── Data records
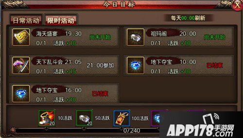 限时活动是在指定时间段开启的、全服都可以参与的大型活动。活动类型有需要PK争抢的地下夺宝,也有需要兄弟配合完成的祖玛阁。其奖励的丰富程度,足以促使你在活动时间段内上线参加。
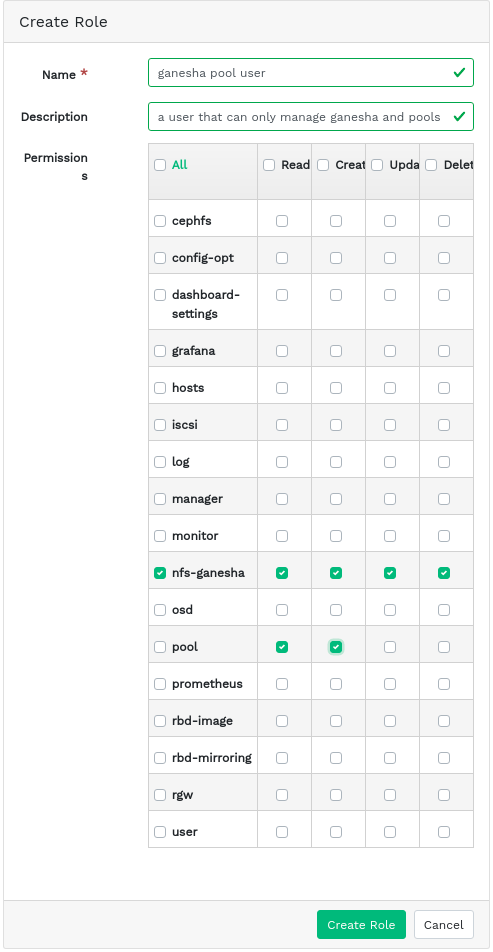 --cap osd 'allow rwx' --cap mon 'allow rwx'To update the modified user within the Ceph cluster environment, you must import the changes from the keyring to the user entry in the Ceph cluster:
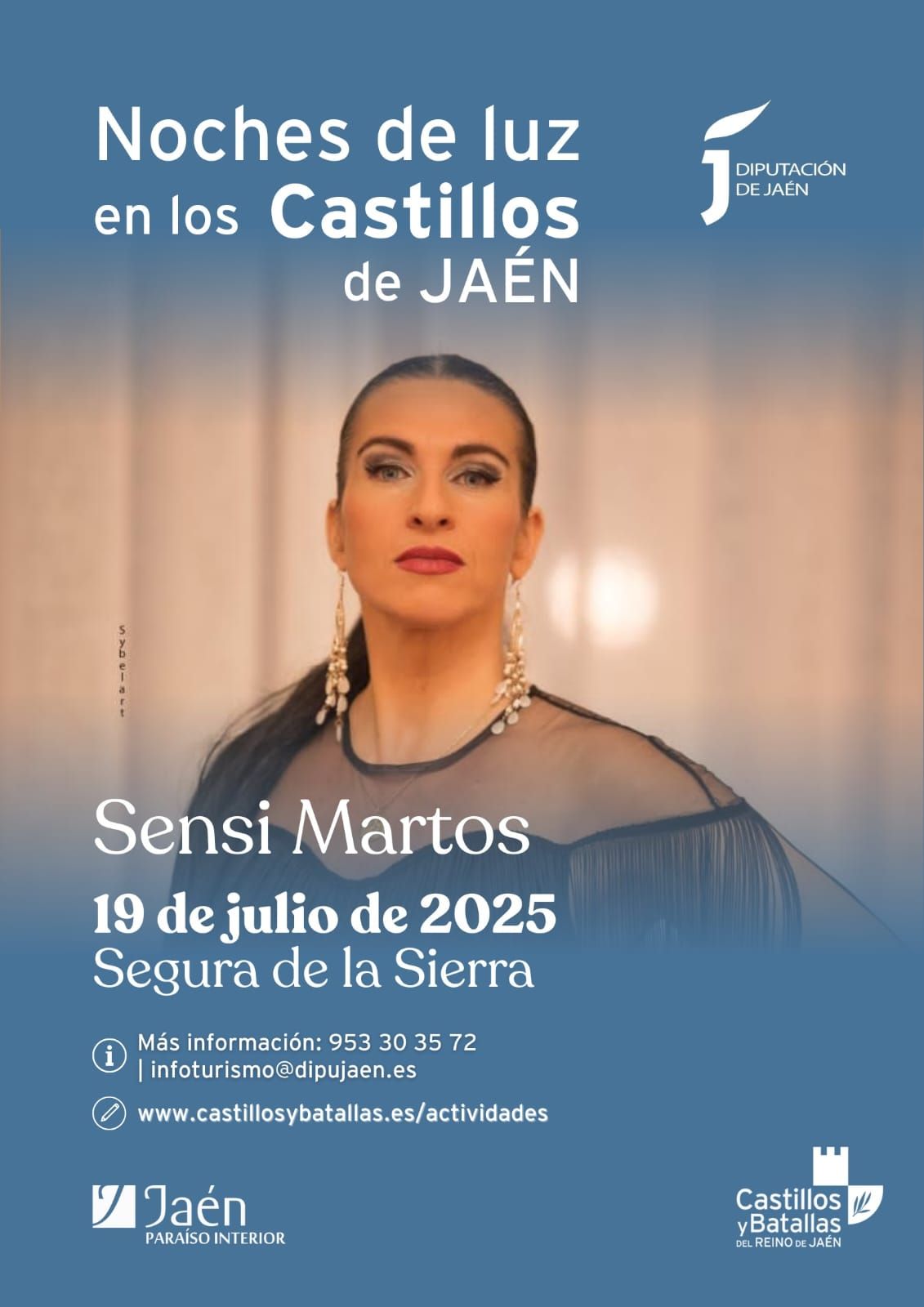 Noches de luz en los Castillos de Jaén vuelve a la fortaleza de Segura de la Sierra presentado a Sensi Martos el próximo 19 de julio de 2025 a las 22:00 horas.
────
── Data records
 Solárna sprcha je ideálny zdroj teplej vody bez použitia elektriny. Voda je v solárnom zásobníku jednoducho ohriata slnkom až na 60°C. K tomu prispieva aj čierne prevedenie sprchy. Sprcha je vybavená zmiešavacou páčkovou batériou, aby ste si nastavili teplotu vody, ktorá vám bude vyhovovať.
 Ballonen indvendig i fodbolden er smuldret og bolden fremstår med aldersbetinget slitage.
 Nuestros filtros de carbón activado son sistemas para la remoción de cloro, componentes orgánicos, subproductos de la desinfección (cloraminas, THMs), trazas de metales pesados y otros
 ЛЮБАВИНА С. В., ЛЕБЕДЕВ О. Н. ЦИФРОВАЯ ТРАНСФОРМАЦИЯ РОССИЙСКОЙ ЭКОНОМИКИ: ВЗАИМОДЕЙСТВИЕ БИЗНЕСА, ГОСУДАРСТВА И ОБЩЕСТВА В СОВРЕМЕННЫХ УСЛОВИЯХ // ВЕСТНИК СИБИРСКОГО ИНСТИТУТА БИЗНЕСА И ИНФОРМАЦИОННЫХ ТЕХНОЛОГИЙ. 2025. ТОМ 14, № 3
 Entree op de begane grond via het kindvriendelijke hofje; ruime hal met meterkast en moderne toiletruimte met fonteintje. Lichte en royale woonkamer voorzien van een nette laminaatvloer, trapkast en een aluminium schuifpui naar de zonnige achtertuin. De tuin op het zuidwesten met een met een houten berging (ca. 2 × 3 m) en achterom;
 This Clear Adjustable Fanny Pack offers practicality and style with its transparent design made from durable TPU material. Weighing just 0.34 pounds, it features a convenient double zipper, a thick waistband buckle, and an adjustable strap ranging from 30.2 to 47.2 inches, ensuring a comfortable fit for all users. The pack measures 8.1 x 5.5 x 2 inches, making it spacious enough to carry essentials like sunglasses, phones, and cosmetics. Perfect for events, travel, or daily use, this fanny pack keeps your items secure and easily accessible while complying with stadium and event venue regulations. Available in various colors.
────
Work instruction –
From the material above, output only the span of lines that starts at the one containing "限时活动是在指定时间段开启的" and finishes at the one containing "--cap osd 'allow", word for word and free of pictures.

Answer to the problem –
 限时活动是在指定时间段开启的、全服都可以参与的大型活动。活动类型有需要PK争抢的地下夺宝,也有需要兄弟配合完成的祖玛阁。其奖励的丰富程度,足以促使你在活动时间段内上线参加。
 --cap osd 'allow rwx' --cap mon 'allow rwx'To update the modified user within the Ceph cluster environment, you must import the changes from the keyring to the user entry in the Ceph cluster:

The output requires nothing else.